Table 1: For comparison, ophthalmologists and Eye2Gene classified 50 FAF retinal scans of 50 patients results from Moorfields Eye Hospital internal held-out test dataset and also on a subset of Bonn external test datasets which included 73 FAF retinal scans from 37 patients. For the ophthalmologist majority vote, the most commonly predicted top guess by ophthalmologists was used. Ties were settled by selecting whatever guess was most favorable to the ophthalmologists.

Ophthalmologist	Years of experience specializing in IRDs	Correct top guess	Correct top-5 guesses
Human benchmark internal Moorfields dataset (N=50)
1	< 10	6 (12%)	13 (26%)
2	< 10	10 (20%)	15 (30%)
3	< 10	12 (24%)	16 (32%)
4	< 10	9 (18%)	15 (30%)
5	> 10	6 (12%)	11 (22%)
6	> 10	8 (16%)	15 (30%)
7	> 10	10 (20%)	15 (30%)
Ophthalmologist majority vote		16 (32%)	31 (62%)
Eye2Gene (FAF only)		19 (38%)	35 (70%)
Human benchmark external Bonn dataset (N=73)
8	< 10	25 (34.3%)	60 (82.2%)
9	< 10	26 (35.6%)	56 (76.7%)
10	> 10	44 (60.3%)	61 (83.6%)
11	> 10	36 (49.3%)	57 (78.1%)
Ophthalmologist majority vote		42 (57.5%)	55 (75.3%)
Eye2Gene (FAF only)		36 (49.3%)	60 (82.2%)

Eye2Gene is generalizable across sites

To ensure that these results were repeatable across different sites, we also evaluated Eye2Gene on a further external test dataset of 1133 retinal scans from 236 patients from four different external IRD clinics, which included Oxford Eye Hospital (UK), Liverpool University Hospital (UK), University Hospital Bonn (Germany), and the Federal University of São Paulo (Brazil).

We ran Eye2Gene on scans from each patient and compared the prediction of Eye2Gene to the underlying gene diagnosis.

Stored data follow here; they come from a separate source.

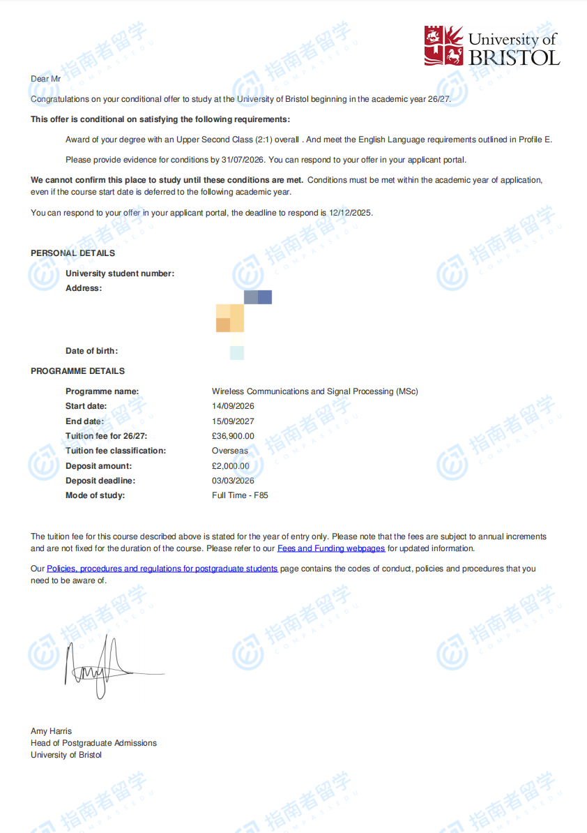 布里斯托大学无线通信与信号处理理学硕士研究生offer一枚
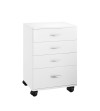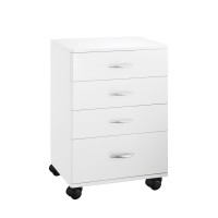 Elegante e moderno carrello di legno verniciato in bianco. Dotato di 4 cassetti per conservare gli accessori nei centri di bellezza. Totale mobilità grazie alle 4 ruote.
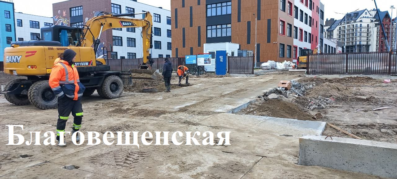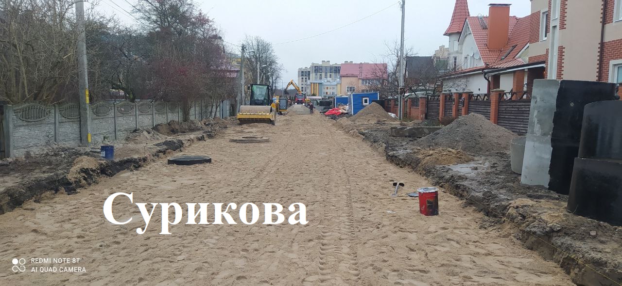 На ул. Мариенко основные работы приостановлены до весны, но продолжается установка закладных для опор освещения, на ул. Сурикова - устройство инженерных сетей и основания дороги из песка. Благовещенская: дорожники закончили въезды к школе, по всей дороге (2 этап) завершают выравнивание плит и наводят порядок. На Букетной на этой неделе должны установить опоры освещения, укладка второго слоя асфальта будет сделана в следующем году. На Ясной - устройство дождевой канализации, засыпка песком трубы 500 мм, очистка дренажной канавы.

Eye2Gene achieved an overall accuracy of 65.3% (CI_95%=59.3-71.1), a top-5 accuracy of 86.4% (81.8-90.7), and an average per-gene receiver operator characteristic AUC of 0.930 (0.901-0.952). A breakdown of results per center is shown in Table 2 (with a full breakdown of results in Supplementary Table 8). This was slightly lower than on our internal test data. Since the distribution of genes in the external test data was different from the main MEH dataset (and hence our internal held-out test set), and the accuracy of Eye2Gene varies across genes (Supplementary Figure 5), we also recorded the per-gene prevalence (proportion of the dataset) and sensitivity for each gene at each of the external centers. To understand how much the difference in accuracy on the external data was due to differences in gene distribution, for each dataset we calculated the accuracy on our internal test data, reweighting contributions to match the gene distribution of the target external dataset. Doing this we found that, assuming consistent performance gene-for-gene, we would expect to see an overall accuracy of 67.2% on the external data, which was only slightly higher than the actual figure of 65.3%. This pattern was consistent across all four centers, where the actual accuracy was found to be a few percent lower than what the internal test data would predict.

Table 2: Overview of Eye2Gene results on the external data across the different centers. Gene-For-Gene Extrapolation from Internal Dataset is the sum of the per-gene sensitivity on our MEH internal test dataset multiplied by the gene frequency of the external dataset. It represents the accuracy we would expect to see based on the Moorfields results for a gene distribution identical to the target dataset.

Center	Num Patients	Num Unique Genes	Accuracy	Gene-For-Gene Extrapolation from Moorfields
Oxford	59	29	54.2%	58.4%
Liverpool	35	15	57.1%	59.9%
Bonn	127	11	70.1%	70.3%
São Paulo	15	3	86.7%	92.3%
Combined (external only)	236	30	65.3%	67.2%
Moorfields	264	32	66.7%	-
Combined (all test data)	500	36	66.0%	-

Eye2Gene’s data-driven approach identifies optimal image modality per gene

By breaking down Eye2Gene into its constituent networks we saw that, while the overall accuracy across each modality was relatively similar (Supplementary Figure 3), there were some notable differences for specific genes. For example, as shown in Figure 2, the FAF and SD-OCT networks were significantly better at detecting TIMP3 than the IR networks. This is expected as TIMP3-retinopathy is associated with an increase in signal in the peripheral macula in FAF imaging and drusen-like deposits in SD-OCT scans¹¹. Similarly, the SD-OCT networks were better at detecting CRB1 than the IR and FAF networks. CRB1-retinopathy is often characterized by a thicker retina with less defined layers, something which cannot be distinguished in FAF or IR imaging¹².

Including age and mode of inheritance improves Eye2Gene performance

In addition to retinal scans, the age of a patient at first presentation to the hospital and their family’s history of their IRD can be useful in determining the causative gene. Since this information is frequently available alongside patient scans, we looked at the effect of incorporating this additional information with the output of Eye2Gene. In particular, we tested the effect of combining patient age at first presentation (age), and mode of inheritance (MOI), which can be inferred from family history, with the output of Eye2Gene (Supplementary Figure 4). By training a linear classifier to predict the gene class based on the output of Eye2Gene, age, and MOI, we found this slightly improved the per patient accuracy from 68.1% to 71.6% (Supplementary Table 1).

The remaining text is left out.